This year’s Outstanding Educator in Diabetes Award recipient, Denise Charron-Prochownik, PhD, RN, CPNP, FAAN, has worked for decades to educate teenage girls with diabetes about their reproductive health.
Dr. Charron-Prochownik accepted the award Saturday, June 26, and shared her journey as a diabetes educator and recounted the long history of the Reproductive-health Education and Awareness of Diabetes in Youth for Girls (READY-Girls) program. Her presentation can be viewed by registered meeting attendees at ADA2021.org through September 29, 2021. If you haven’t registered for the Virtual 81st Scientific Sessions, register today to access all of the valuable meeting content.

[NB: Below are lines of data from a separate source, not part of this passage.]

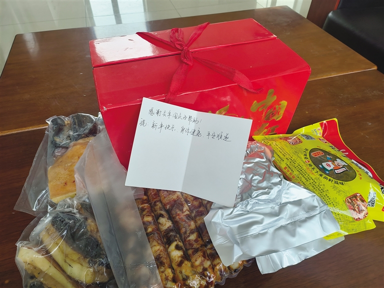 民警們熱心的幫助、暖心的話語(yǔ),在曾先生心中留下了深刻的印象。雖然已經(jīng)過(guò)去了幾個(gè)月,但每每想起那次相遇,他的心頭總是涌起一股暖流。帶著這份感激和惦念,曾先生特意為孔瑪邊境派出所的民警們寄去了家鄉(xiāng)特產(chǎn)臘肉和香腸,還有一張寫(xiě)滿祝福的卡片。
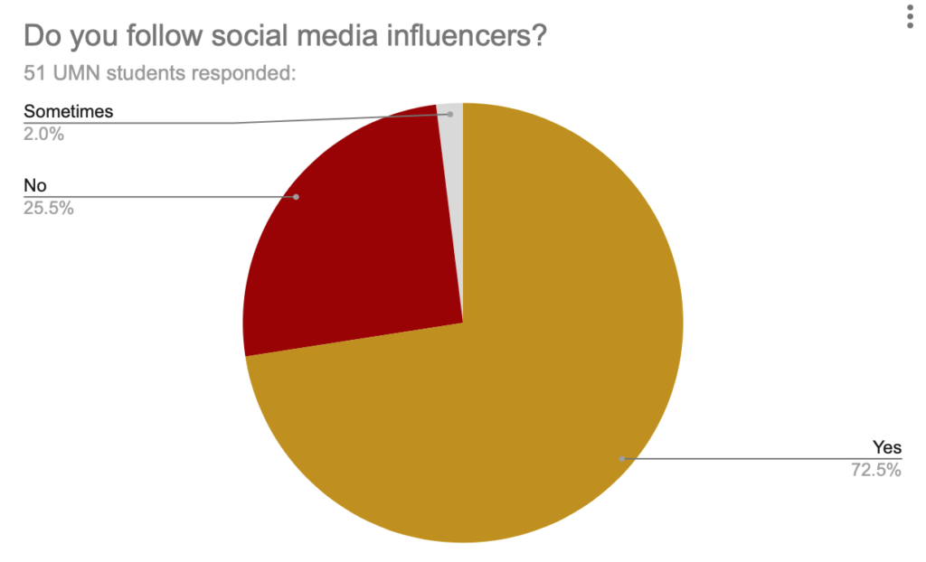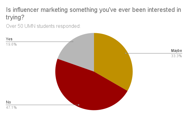 Minnesota, not exactly a state known as an influencer destination, reflected these nationwide statistics. We sent out a survey on how Gen Z uses social media, more than half of University of Minnesota students and recent graduates said that they follow social media influencers. However, about half of the respondents stated they do not see influencer marketing as a viable income source that will last.
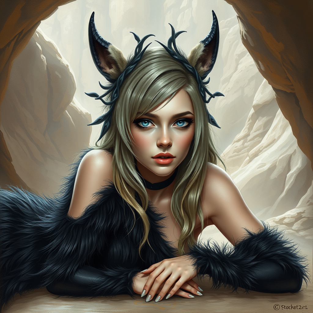 A Greek priestess with unique streaked, two-tone hair, resembling plant-like textures, exuding a cold aura. She is positioned against the backdrop of the fascinating sites of human evolution at Mount Carmel's Nahal Me’arot caves. Her style combines cyber fairy grunge elements, as she lies down gracefully, gazing with ice blue eyes that seem to hold a mysterious gradient. Her attire is an elaborate black-themed animal costume, exhibiting the meticulous detail of a one-piece character, rendered with stunning iridescence. The illustration captures the essence of an ArtStation-worthy oil painting portrait, rich in vibrant yet slightly unconventional colors that add to its allure. Despite the unreal aspects, the depiction is both mesmerizing and surreal, drawing viewers into a realm where mythology and modernity intertwine seamlessly.
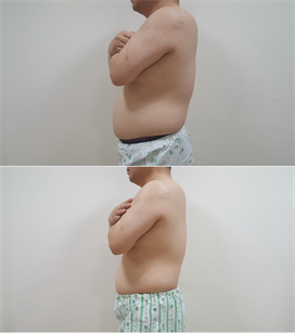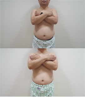 We measured the height and weight of thirteen subjects by digital portable standiometer (DS-102, JENIX, Korea), and assessed their waist circumferences at anterior superior iliac spine level with scales [14] . All subjects instructed to keep their ordinary behavioral attitude such as diet and physical activity. In addition, we assessed their body contours including frontal, both lateral and back views by photography with camera (Samsung SM-N920S, Korea) at initial and 8th week visit by the trained nurse.
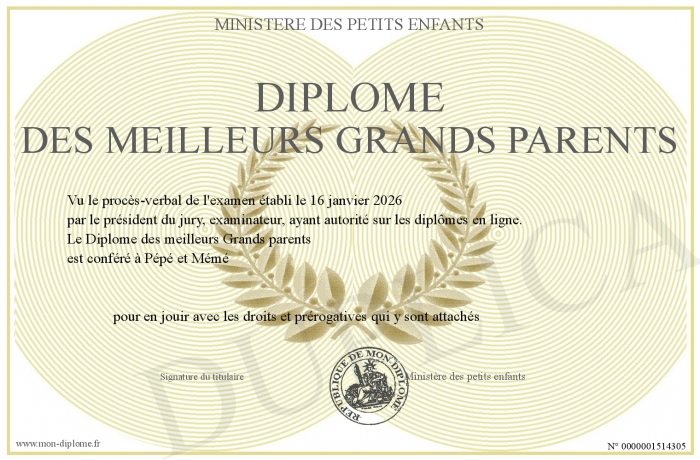 Envoyez par email votre Diplôme des meilleurs Grands parents personalisé
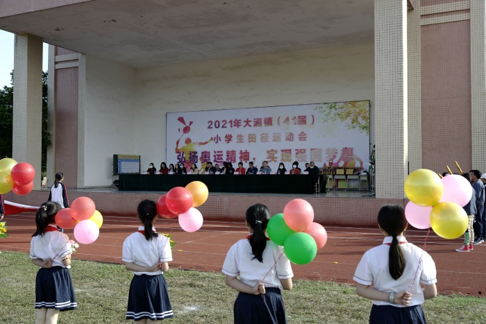 為全面貫徹落實《中共中央國務院關于加強青少年體育增強青少年體質(zhì)的意見》精神,積極踐行五育并舉的教育方針,11月10日,中山市大涌鎮(zhèn)第41屆小學生田徑運動會開幕式在旗北小學田徑場舉行。大涌鎮(zhèn)黨委委員郭艷艷同志、大涌鎮(zhèn)教體文旅局局長李亮同志、大涌鎮(zhèn)關工委常務副主任李錦卿同志、大涌鎮(zhèn)教育和體育事務中心副主任黃麗霞同志,以及各村、社區(qū)代表、學校領導出席了開幕式。
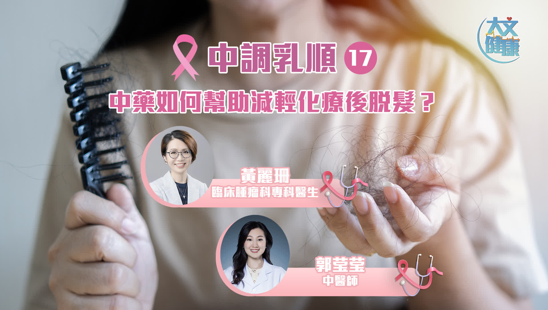 臨床上,註冊中醫師會依照體質對症處方中藥,在病人康復期間促進毛囊的恢復。中醫認為頭髮的生長跟肝腎相關,故此重視肝腎的調護。2019 年發表的一份內地雙盲隨機的臨床研究顯示,93 位乳腺癌患者因化療引致不同程度的脫髮後,治療組使用中成藥「消癌平」後,84.8% 中度脫髮的患者,經過 5個月後有明顯改善。不過要注意,中成藥及坊間保健產品種類繁多,病人體質各異,使用前應向註冊中醫師諮詢。
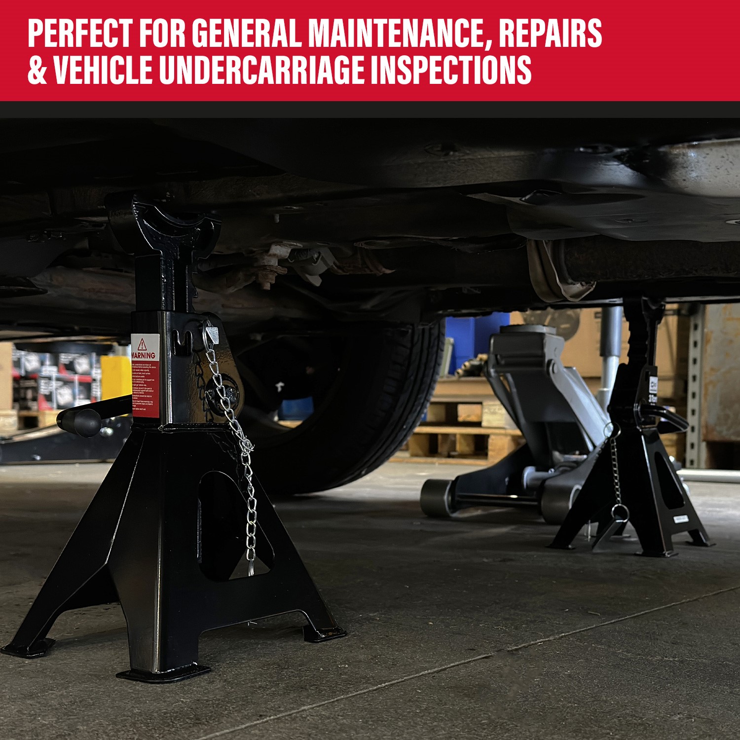 HEAVY-DUTY 3 TON JACK STANDS WITH HEIGHT-ADJUSTABLE RATCHET SUPPORT COLUMN FOR VERSATILITY
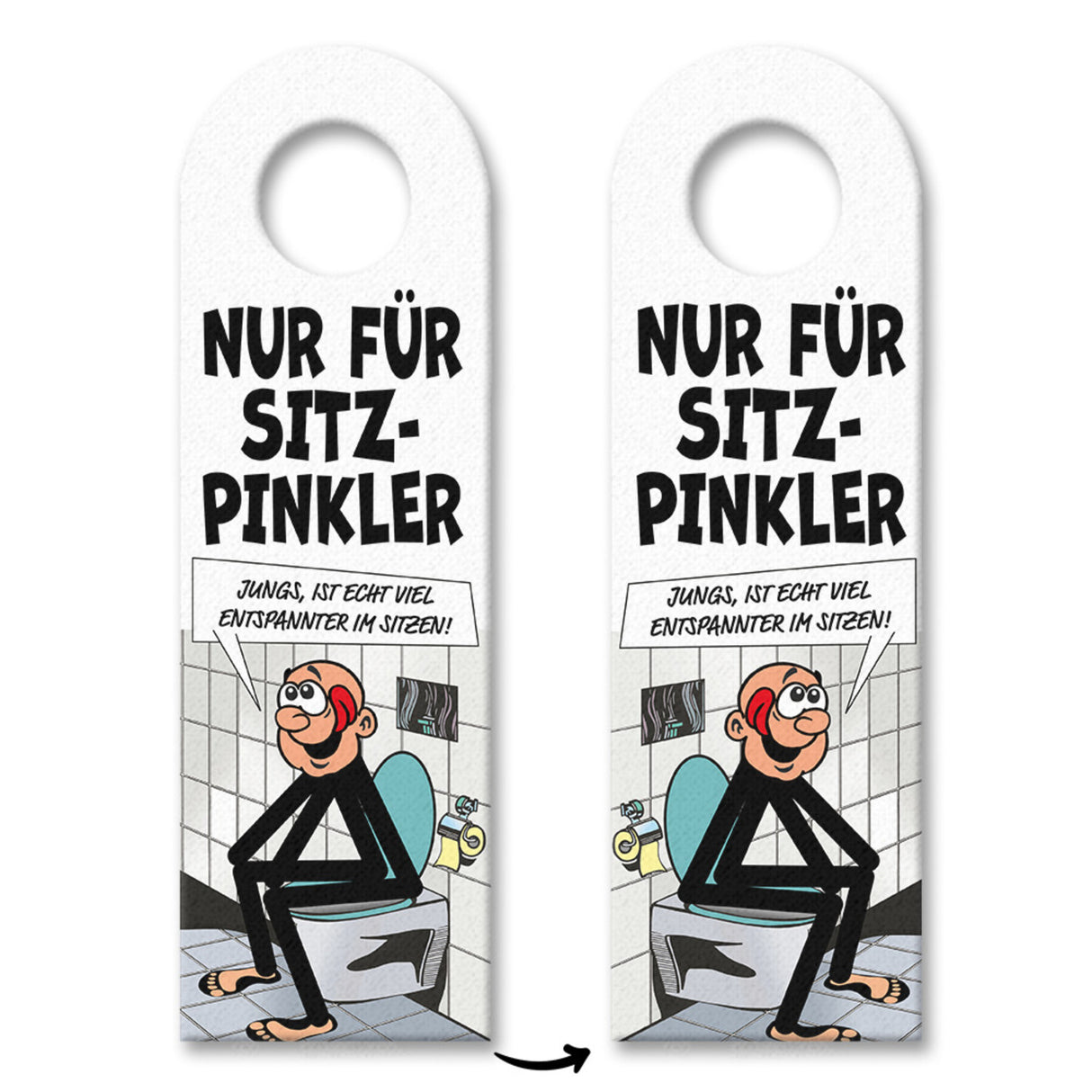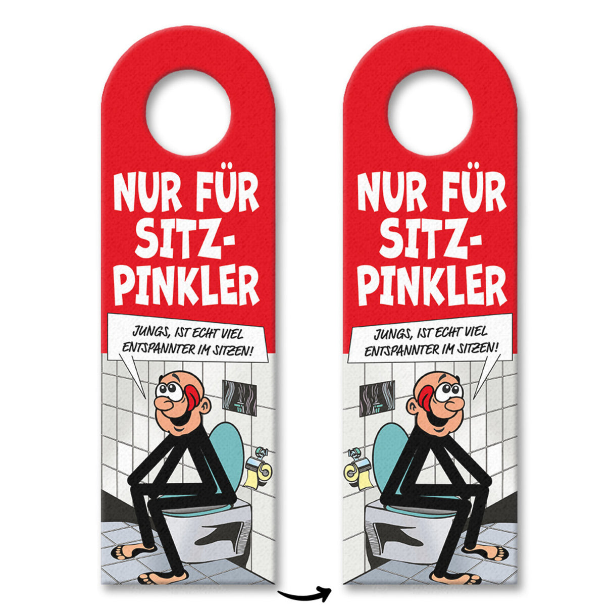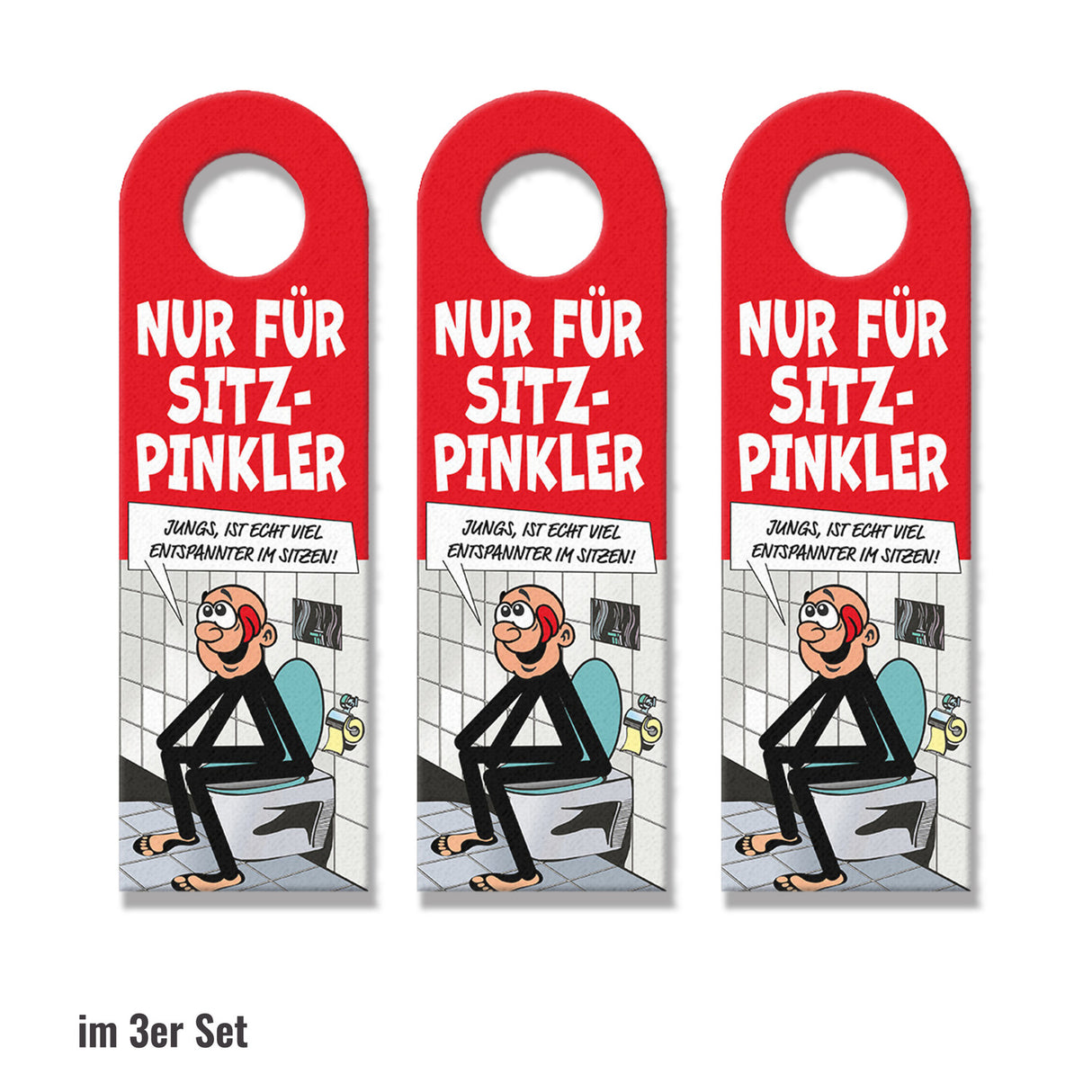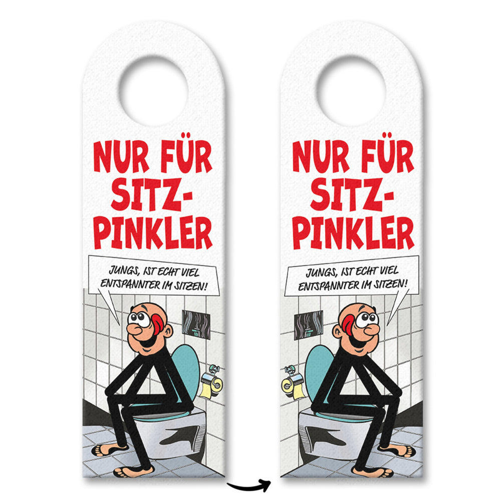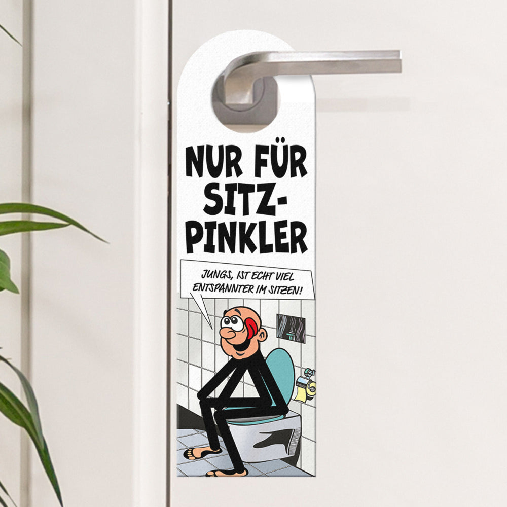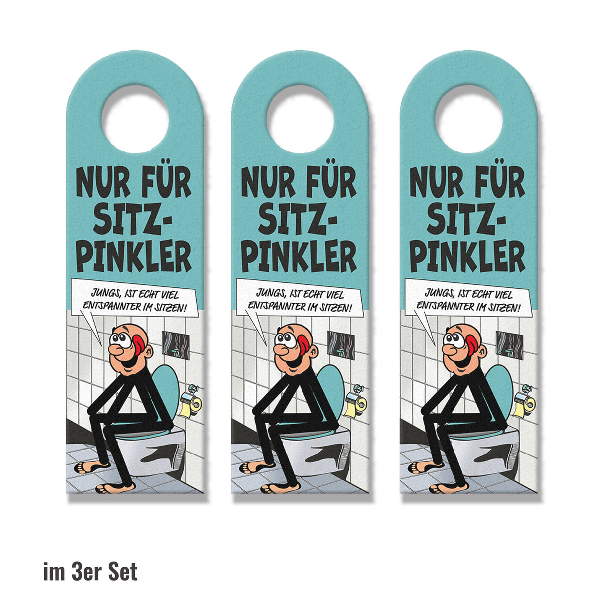 - 1x Bitte im Sitzen pinkeln Türhänger im Comic-Stil schwarz in der gewählten Setgröße
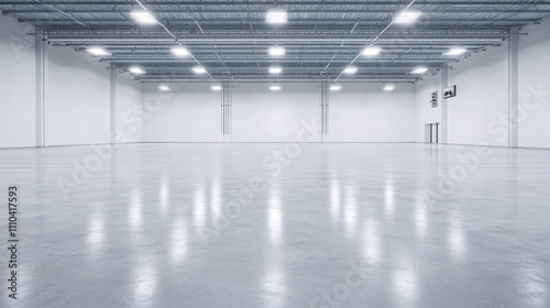 A pristine, empty parking area with bright overhead lights illuminating the rows of neatly marked spaces. The polished concrete floor reflects the lighting softly, while the distant view reveals
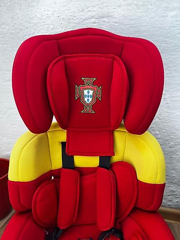 - Комфорт: мягкая обивка с ярким дизайном (красно‑желтая гамма, эмблема на подголовнике), анатомичная форма сиденья.
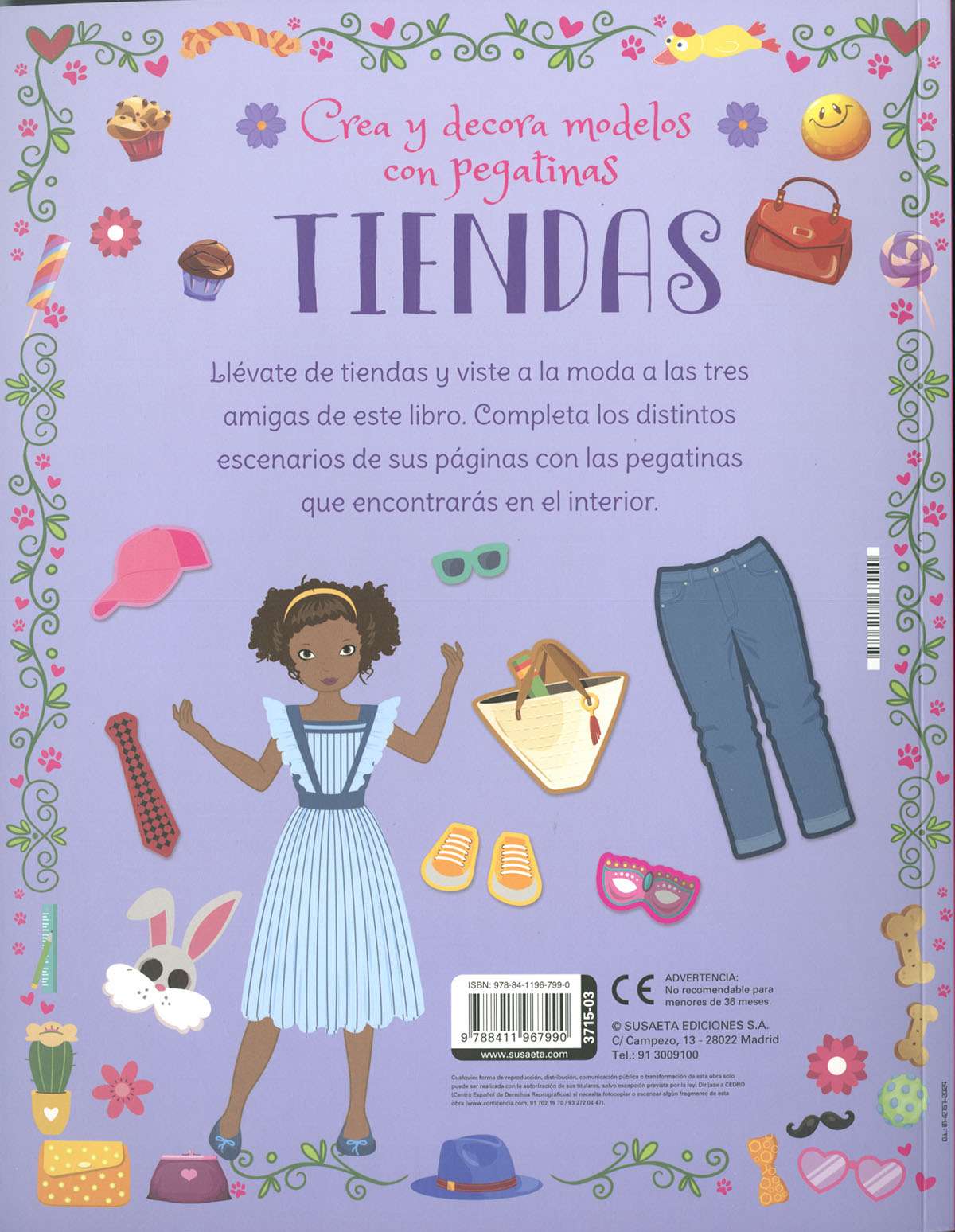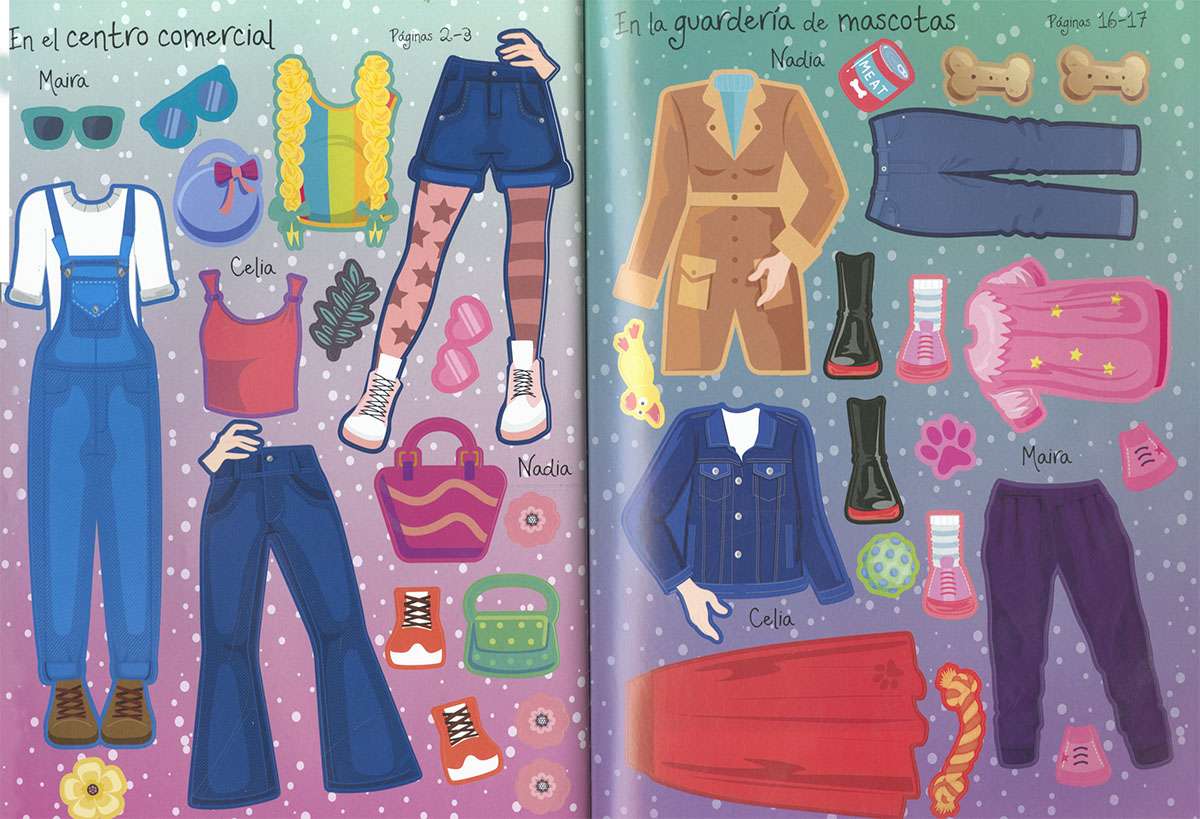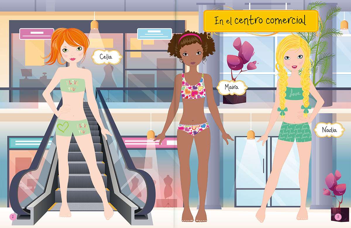 Llévate de tiendas y viste a la moda a las tres amigas de este libro. Completa los distintos escenarios de sus páginas con las pegatinas que encontrarás en el interior.

READY-Girls began 30 years ago as an outgrowth of Dr. Charron-Prochownik’s work on two research projects at the University of Michigan. The first involved research with Bill Herman, MD, MPH, and Nancy Janz, PhD, MS, on a Centers for Disease Control and Prevention grant that asked the question: Which factors lead women to seek preconception counseling? The researchers found that there was just one factor: When a health care professional advised the women to seek preconception counseling.
“We also found that preconception counseling was cost-effective,” Dr. Charron-Prochownik said. “That became my journey in life. That became my yellow brick road. My mission and passion now was to develop a preconception counseling program for teens, to start it early, and for it to be given often.”
Dr. Charron-Prochownik married that mission with her dissertation research on social support for teens with diabetes, combining preconception counseling with support networks of mothers or caregivers, health care providers, friends, and peers.
According to Dr. Charron-Prochownik, up to 9% of women with diabetes who experience unplanned pregnancies have complications: stillborn, miscarriages, preeclampsia, and infants with congenital anomalies. Meanwhile, 40% of teenage girls with diabetes have had an episode of unprotected sex, while teens unaware of preconception counseling and reproductive complications are at high risk for an unplanned pregnancy, she said.
Another study showed that girls who received preconception counseling had far greater family planning vigilance than those who did not. For example, girls who received preconception counseling had their sexual debut at an average age of 18.5 versus 15.4 for those without counseling. And girls in the counseling cohort also had higher usage of birth control and were more likely to discuss preconception counseling with health care providers.
Using the expanded Health Belief Model, the STAR Decision-Making Model, and the Cultural and Linguistic Competence Health Approach, READY-Girls provides information about the importance of glucose control before conception, the risk of complications from diabetes and pregnancy, strategies for a healthy pregnancy, and family planning advice.
“READY-Girls does not replace health care provider education and counseling, but rather, it reinforces and supplements it,” Dr. Charron-Prochownik said. “Mothers can also play a major role with daughters receiving and reinforcing preconception counseling, so we need to provide preconception knowledge and skills to mothers and health care providers alike.
Since it began, READY-Girls has been modified for diverse populations, using the guiding principles of Culturally and Linguistically Competent Health Promotion. In one example, the READY-Girls program was adapted for American Indian and Alaska Native populations, who have almost twice the rate of adolescent obesity, adolescent pregnancy, and gestational diabetes. In the future, the program will be modified specifically for Native Hawaiian populations, and there will be a READY-Guys program, as well.
A free READY-Girls book is available at diabetes.org/ReadyGirls.